## [REQUIREMENT]
Each record must appear in the answer exactly as given.

## [DATASET RECORDS]
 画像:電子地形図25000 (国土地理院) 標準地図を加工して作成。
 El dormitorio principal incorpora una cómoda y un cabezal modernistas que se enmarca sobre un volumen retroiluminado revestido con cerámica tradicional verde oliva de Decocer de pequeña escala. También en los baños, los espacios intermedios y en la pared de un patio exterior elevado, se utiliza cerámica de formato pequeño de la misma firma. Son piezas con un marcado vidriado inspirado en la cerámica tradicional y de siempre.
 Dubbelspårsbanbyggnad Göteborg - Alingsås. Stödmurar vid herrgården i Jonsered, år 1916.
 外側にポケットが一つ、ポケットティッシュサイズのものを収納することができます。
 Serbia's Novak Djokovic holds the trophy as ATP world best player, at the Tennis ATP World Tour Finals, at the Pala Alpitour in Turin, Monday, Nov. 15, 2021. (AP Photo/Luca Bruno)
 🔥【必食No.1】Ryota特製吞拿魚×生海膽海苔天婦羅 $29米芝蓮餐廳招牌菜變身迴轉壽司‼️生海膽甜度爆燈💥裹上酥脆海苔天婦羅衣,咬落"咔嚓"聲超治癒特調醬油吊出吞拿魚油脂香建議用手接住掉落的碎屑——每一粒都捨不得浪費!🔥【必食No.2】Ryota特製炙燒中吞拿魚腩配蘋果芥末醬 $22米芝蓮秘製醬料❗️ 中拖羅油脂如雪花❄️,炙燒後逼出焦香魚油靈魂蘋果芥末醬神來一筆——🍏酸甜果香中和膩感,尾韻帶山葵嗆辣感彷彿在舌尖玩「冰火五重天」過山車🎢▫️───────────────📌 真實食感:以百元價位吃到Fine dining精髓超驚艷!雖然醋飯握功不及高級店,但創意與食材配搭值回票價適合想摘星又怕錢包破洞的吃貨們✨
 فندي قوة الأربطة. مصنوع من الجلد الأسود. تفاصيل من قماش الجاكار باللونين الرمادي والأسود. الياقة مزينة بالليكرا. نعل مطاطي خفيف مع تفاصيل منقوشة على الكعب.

## [WRITTEN RESPONSE]
 画像:電子地形図25000 (国土地理院) 標準地図を加工して作成。
 El dormitorio principal incorpora una cómoda y un cabezal modernistas que se enmarca sobre un volumen retroiluminado revestido con cerámica tradicional verde oliva de Decocer de pequeña escala. También en los baños, los espacios intermedios y en la pared de un patio exterior elevado, se utiliza cerámica de formato pequeño de la misma firma. Son piezas con un marcado vidriado inspirado en la cerámica tradicional y de siempre.
 Dubbelspårsbanbyggnad Göteborg - Alingsås. Stödmurar vid herrgården i Jonsered, år 1916.
 外側にポケットが一つ、ポケットティッシュサイズのものを収納することができます。
 Serbia's Novak Djokovic holds the trophy as ATP world best player, at the Tennis ATP World Tour Finals, at the Pala Alpitour in Turin, Monday, Nov. 15, 2021. (AP Photo/Luca Bruno)
 🔥【必食No.1】Ryota特製吞拿魚×生海膽海苔天婦羅 $29米芝蓮餐廳招牌菜變身迴轉壽司‼️生海膽甜度爆燈💥裹上酥脆海苔天婦羅衣,咬落"咔嚓"聲超治癒特調醬油吊出吞拿魚油脂香建議用手接住掉落的碎屑——每一粒都捨不得浪費!🔥【必食No.2】Ryota特製炙燒中吞拿魚腩配蘋果芥末醬 $22米芝蓮秘製醬料❗️ 中拖羅油脂如雪花❄️,炙燒後逼出焦香魚油靈魂蘋果芥末醬神來一筆——🍏酸甜果香中和膩感,尾韻帶山葵嗆辣感彷彿在舌尖玩「冰火五重天」過山車🎢▫️───────────────📌 真實食感:以百元價位吃到Fine dining精髓超驚艷!雖然醋飯握功不及高級店,但創意與食材配搭值回票價適合想摘星又怕錢包破洞的吃貨們✨
 فندي قوة الأربطة. مصنوع من الجلد الأسود. تفاصيل من قماش الجاكار باللونين الرمادي والأسود. الياقة مزينة بالليكرا. نعل مطاطي خفيف مع تفاصيل منقوشة على الكعب.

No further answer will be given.